범죄 데이터 정렬을 위한 데이터 정리

column의 최고값으로 데이터들을 나눠 0 ~ 1 사이 값으로 정규화

col = ['강간', '강도', '살인', '절도', '폭력']
crime_anal_norm = crime_anal_gu[col] / crime_anal_gu[col].max()
crime_anal_norm.head()

검거율 추가하기

# 검거율 추가
col2 = ['강간검거율', '강도검거율', '살인검거율', '절도검거율', '폭력검거율']
crime_anal_norm[col2] = crime_anal_gu[col2]
crime_anal_norm.head()

구별 CCTV 자료에서 인구수와 CCTV수 추가

result_CCTV = pd.read_csv('../data/01. CCTV_result.csv', encoding='cp949', index_col='구별')
crime_anal_norm[['인구수', 'CCTV']] = result_CCTV[['인구수', '소계']]

crime_anal_norm.head()

범죄 column 추가

# 정규화된 범죄발생 건수 전체의 평균을 구해서 범죄 컬럼 대표값으로 사용
col = ['강간', '강도', '강간', '절도', '폭력']

# axis = 1 : 행 기준 연산, 0 : 열 기준 연산
crime_anal_norm['범죄'] = np.mean(crime_anal_norm[col], axis=1)
crime_anal_norm.head()

검거 column 추가

# 검거율의 평균을 구해서 검거 컬럼의 대표값으로 사용

col = ['강간검거율', '강도검거율', '살인검거율', '절도검거율', '폭력검거율']
crime_anal_norm['검거'] = np.mean(crime_anal_norm[col], axis=1)
crime_anal_norm.head()

Seaborn

기본 설정

import matplotlib.pyplot as plt
import seaborn as sns
from matplotlib import rc

plt.rcParams['axes.unicode_minus'] = False
rc('font', family='Arial Unicode MS')
get_ipython().run_line_magic('matplotlib', 'inline')

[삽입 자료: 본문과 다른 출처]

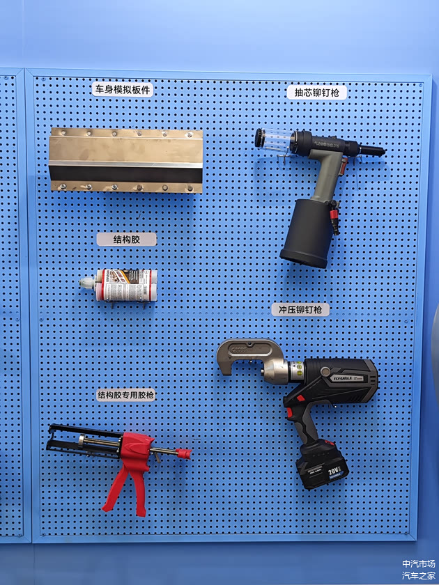 新能源汽车的车身革命,直接将钣喷维修推入技术深水区,为实现轻量化,大面积铝合金外板已成为高端新能源车型的标配。但这类材质组合给维修带来了天然难题:铝合金熔点低、易龟裂、钢铝连接易腐蚀,许多传统的工艺近乎失效。问界原厂售后采用航空级的胶粘铆接工艺,规避传统焊接易腐蚀、强度不足的痛点,能实现维修后的连接强度不低于出厂标准。在现场工具展示区,各种不同类型的铆钉清晰可见:车身制造阶段的SPR铆钉,在售后维修时会替换为FFR流式铆钉,再搭配抽芯铆钉、原厂FDS自熔螺丝钉等专用连接件,可全面覆盖结构维修的全场景需求。

set_style() : white, whitegrid, black, blackgrid, sti 설정

x = np.linspace(0, 14, 100)
y1 = np.sin(x)
y2 = 2 * np.sin(x + 0.5)
y3 = 3 * np.sin(x + 1.0)
y4 = 4 * np.sin(x + 1.5)

plt.figure(figsize=(10, 6))
plt.plot(x, y1, x, y2, x, y3, x, y4)
sns.set_style('whitegrid')    # 배경색 / white, whitegrid, dark, darkgrid, sti 등 배경에 관한 설정이 가능하다
# plt.grid()
plt.show()

Seaborn tips data

tips 내장 데이터셋

tips = sns.load_dataset('tips')
tips

boxplot() : 중앙값, 사분위수, 최솟값, 최댓값, 이상치를 그린다.

# boxplot
plt.figure(figsize=(8, 6))
sns.boxplot(x = tips['total_bill'])
plt.show()

boxplot(x, y, data) : x column 그룹별로 y column 데이터를 그린다.

# boxplot
plt.figure(figsize=(8, 6))
sns.boxplot(x ='day', y='total_bill', data=tips)
plt.show()

hue : 카테고리 or 이산형 데이터가 들어가며 그룹에 따른 분류를 보여준다.

palette : 색상 설정을 할 수 있다.

# boxplot hue, palette option
# hue : 카테고리 데이터 표현 / palette : 색상 변경

plt.figure(figsize=(8, 6))
sns.boxplot(x='day', y='total_bill', data=tips, hue='smoker', palette='Set2')
plt.show()

swarmplot : 산점도로 표현한다.

color : 0 ~ 1의 값을 가지며 1에 가까울수록 흰색, 0에 가까울수록 검정이 된다.

# swarmplot : 산점도로 표현
# color : 1에 가까울 수록 흰색, 0에 가까울수록 검정이 된다.

plt.figure(figsize=(8, 6))
sns.swarmplot(x='day', y='total_bill', data=tips, color='0.2')
plt.show()

boxplot, swarmplot

# boxplot with swarmplot

plt.figure(figsize=(8, 6))
sns.boxplot(x='day', y='total_bill', data=tips)
sns.swarmplot(x='day', y='total_bill', data=tips, color='0.25')
plt.show()

lmplot : 선형 회귀 모델을 시각화하며 산점도와 회귀선을 통해 선형관계를 파악할 수 있다.

# lmplot : total_bill과 tip 사이 관계 파악

sns.set_style('darkgrid')
sns.lmplot(x='total_bill', y='tip', data=tips, height=7)    # size -> height로 변경됨
plt.show()

hue : 카테고리 or 이산형 데이터가 들어가며 그룹에 따른 분류를 보여준다.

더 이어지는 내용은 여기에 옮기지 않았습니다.